Fans are furious and one man is bearing the brunt of their ire — owner Peter Swann. An estimated 500 fans are boycotting Glanford Park for each home game. Managers have been hired and fired at a rate of knots — 11 in nine years since Swann took over as owner and chairman — while the playing squad has rarely been the same season after season. Local journalists have been banned from the ground and everything points to the club dropping out of the EFL for the first time in their history.

Scunthorpe’s model of finding diamonds in the rough — Hooper was bought from Southend for less than £200,000 before being sold to Celtic two years later in 2010 for more than £2 million — proved successful as they scaled the pyramid with simple aims: “Reach the FA Cup third round and sell a quality player for a good fee every other year to remain sustainable,” according to one former manager.

It was a strategy that kept a club with an average league attendance of around 5,000 during the highs of Championship football in the black, even if reality eventually came knocking with a return to League One and then further relegation to the fourth division in the early 2010s.

Swann has been ambitious in his plans for Scunthorpe.
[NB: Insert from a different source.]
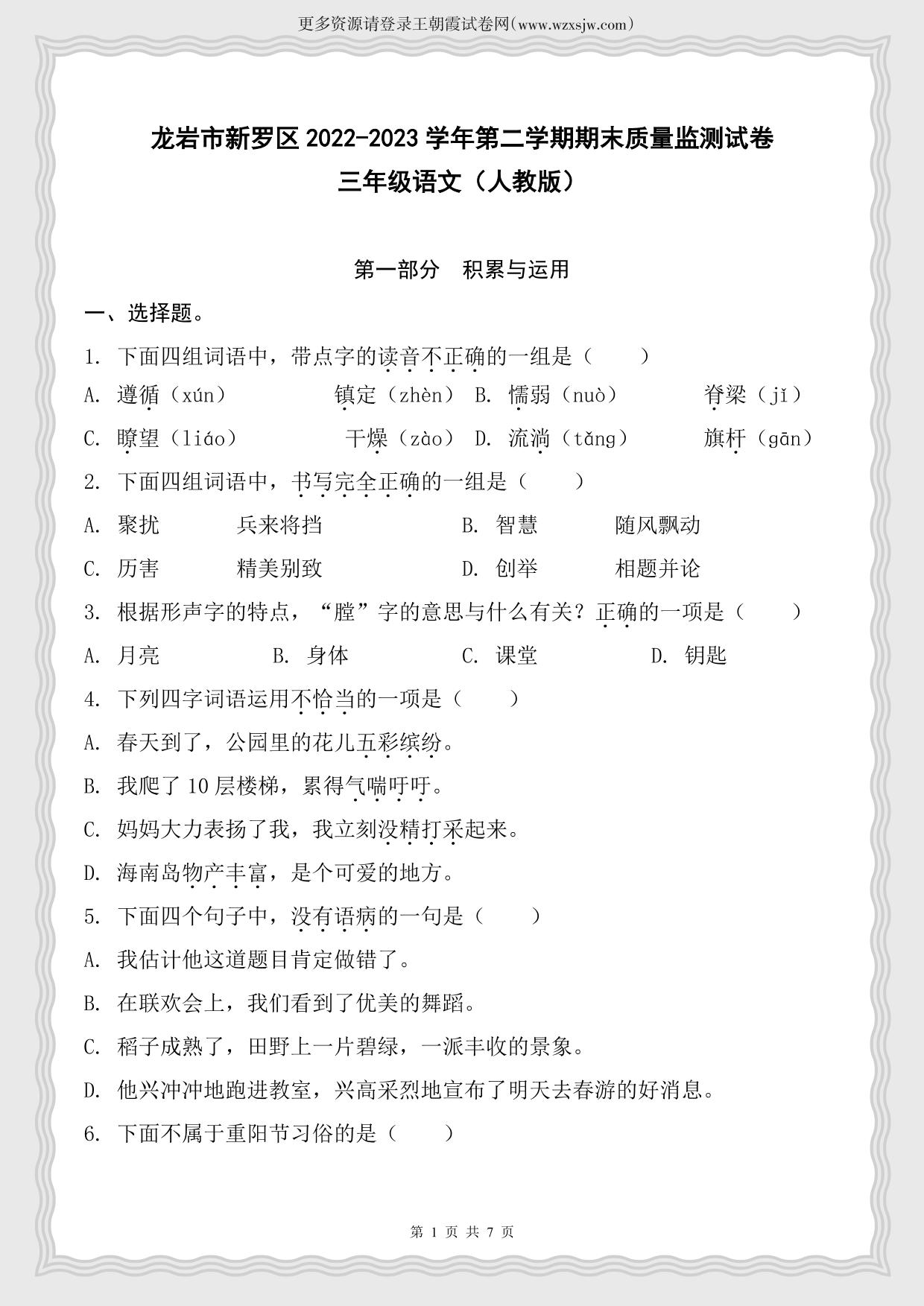 福建省龙岩市新罗区2022-2023学年第二学期期末质量检测试卷三年级语文(人教版)

He is not unique among EFL club owners in terms of investing large amounts of his personal wealth in pursuit of success, only to suffer the consequences of the gamble not paying off. Conservative estimates place his investment at £12 million, at least, over the last nine years. There were also grand plans for a new stadium to replace Glanford Park, which has started to look tired in recent years.

Former managers and players have estimated to The Athletic that Scunthorpe are now operating with the smallest budget in the division, thought to be just over seven figures, and another believes that the finances available for player wages would be on par with the lower reaches of the fifth-tier National League.

Swann was candid in a recent radio interview and said that the club would have entered administration had he not taken the EFL loan during the COVID-19 lockdown last year.  The loan means Scunthorpe are still under a monitored transfer agreement limiting their activity in the window until the loan is repaid, which Swann said he could not afford to do at this time.

Swann’s relationship with the supporters has become more difficult over the years, and he has often been outspoken. He appears unafraid to take on fans who are critical of his tenure.

Scunthorpe face a battle like never before to maintain their EFL status and the odds are stacked against them. Selling the club at the moment would be no easy feat with the looming prospect of playing non-League football next season.